Question

Concentration of the $Ag^+$ ions in a saturated solution of $Ag_2C_2O_4$ is $2.2 \times 10^{-4}\, mol\, L^{-1}$ Solubility product of $Ag_2C_2O_4$ is :-

• A. $2.66 \times 10^{-12}$
• B. $4.5 \times 10^{-11}$
• C. $5.3 \times 10^{-12}$
• D. $2.42 \times 10^{-8}$

Answer 1

The Correct Option is C

 To solve this problem, we need to calculate the solubility product (K_sp) of silver oxalate, Ag₂C₂O₄, from the given concentration of Ag⁺ ions.

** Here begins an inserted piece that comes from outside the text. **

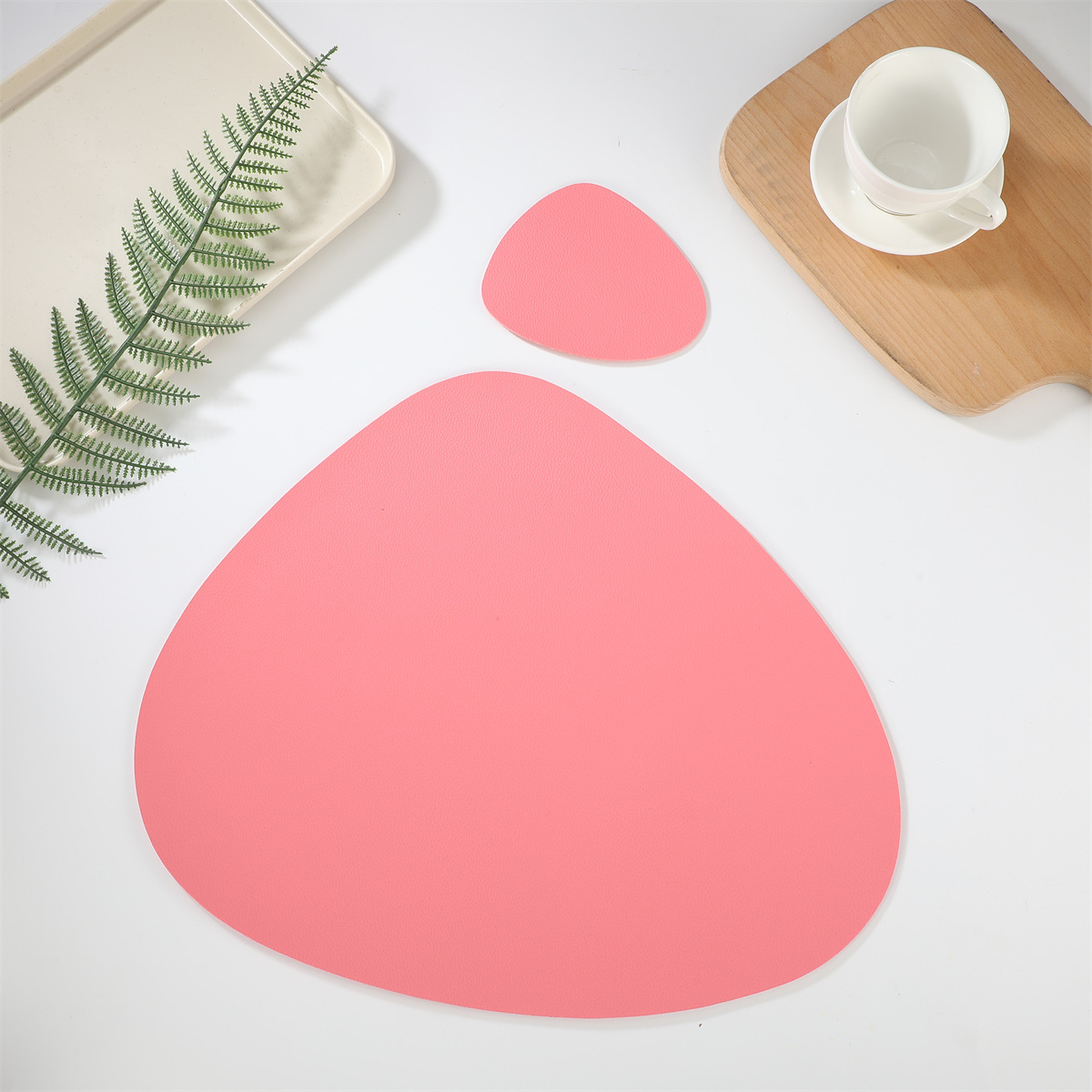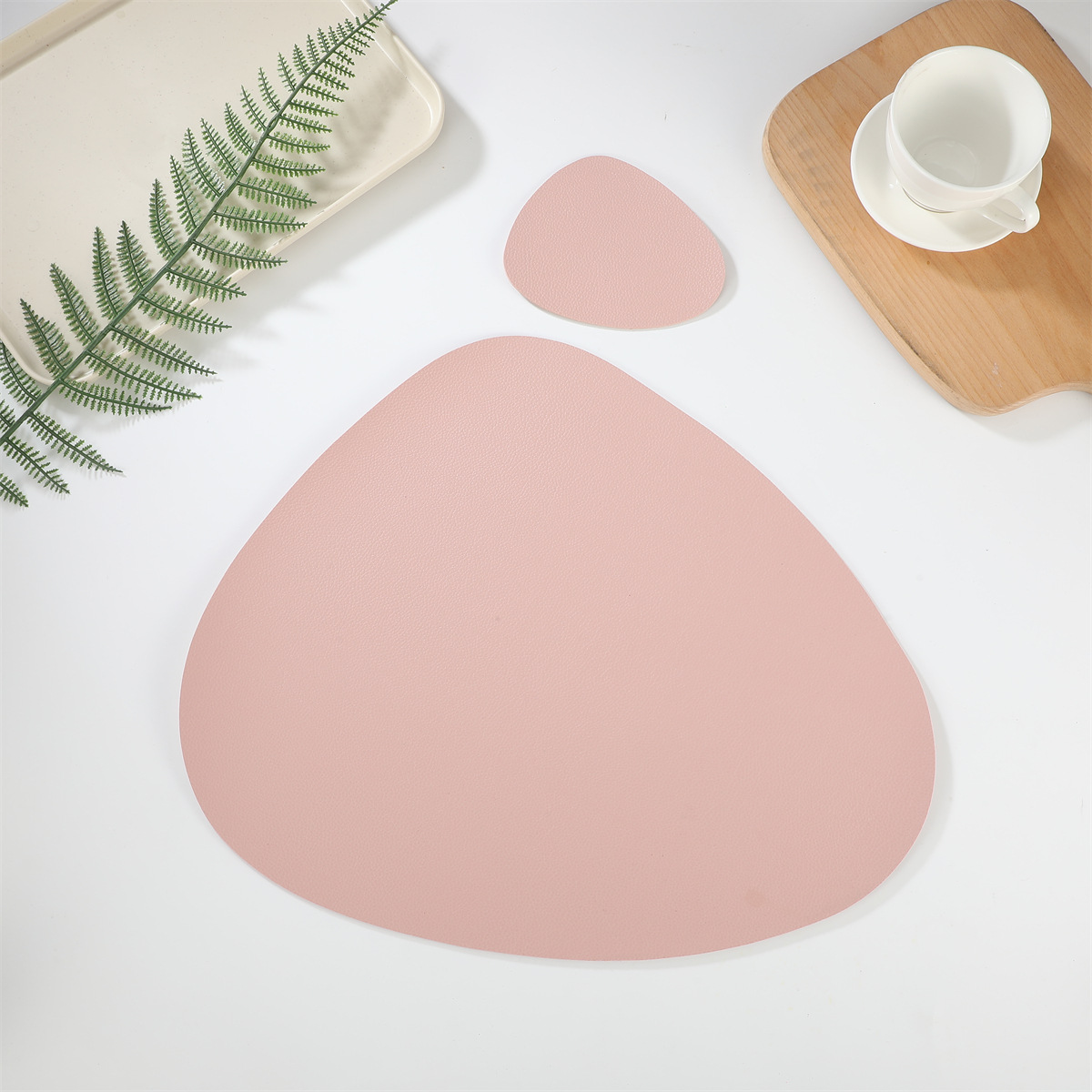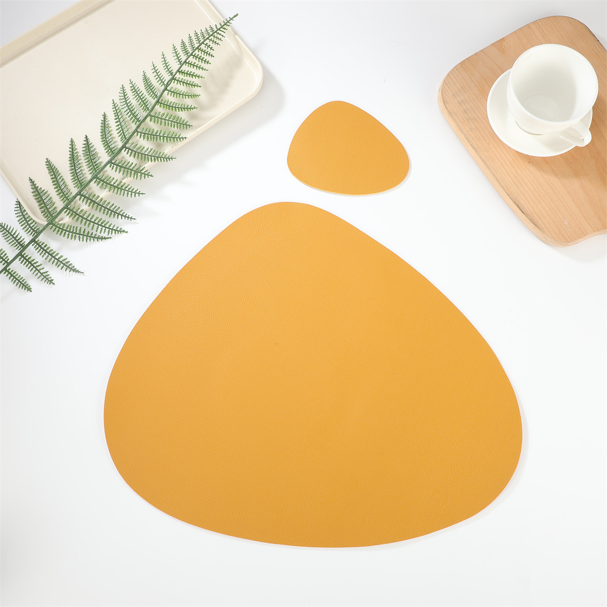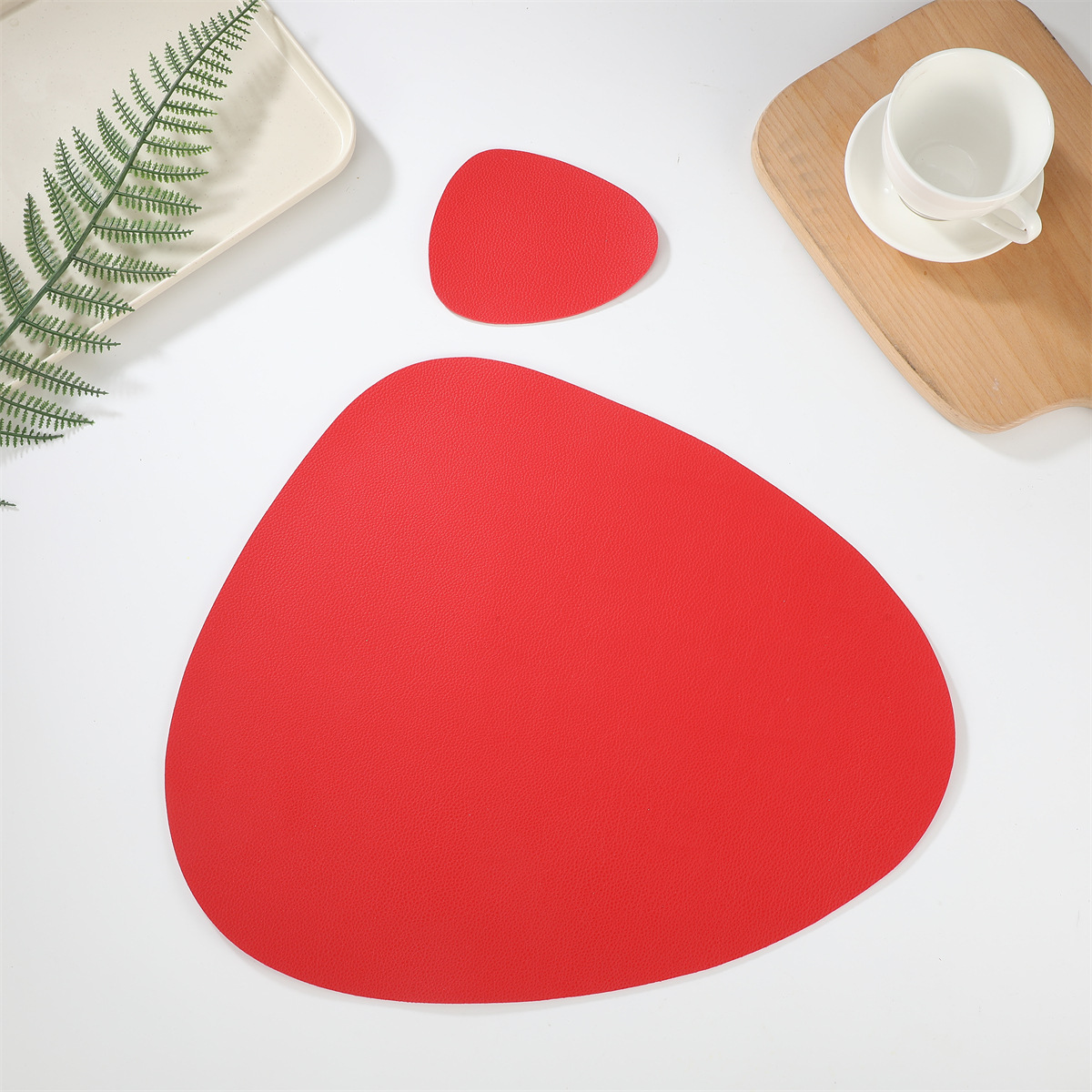 跨境现货皮革水滴套装+杯垫西餐桌垫茶杯垫简约双面隔热垫西餐垫

The dissolution of Ag₂C₂O₄ in water can be represented by the following equilibrium equation:

Ag_2C_2O_4(s) \rightleftharpoons 2Ag^+(aq) + C_2O_4^{2-}(aq)

Let the solubility of Ag₂C₂O₄ be \(s\) mol/L. For each mole of Ag₂C₂O₄ that dissolves, 2 moles of Ag⁺ and 1 mole of C₂O₄^2- are produced. Therefore:

• Concentration of Ag⁺ ions = \(2s\)
• Concentration of C₂O₄^2- ions = \(s\)

We are given the concentration of Ag⁺ ions as \(2.2 \times 10^{-4}\, mol\, L^{-1}\). Therefore, we can write:

2s = 2.2 \times 10^{-4}

Solving for \(s\) gives:

s = \frac{2.2 \times 10^{-4}}{2} = 1.1 \times 10^{-4}\, mol\, L^{-1}

Now, we can calculate the solubility product K_sp:

K_{sp} = [Ag^+]^2 \times [C_2O_4^{2-}]

K_{sp} = (2s)^2 \times s

K_{sp} = (2.2 \times 10^{-4})^2 \times 1.1 \times 10^{-4}

Calculate K_sp:

K_{sp} = 4.84 \times 10^{-8} \times 1.1 \times 10^{-4}

K_{sp} = 5.324 \times 10^{-12}

Rounding to two significant figures gives us the solubility product as:

K_{sp} = 5.3 \times 10^{-12}

Thus, the correct answer is \(5.3 \times 10^{-12}\).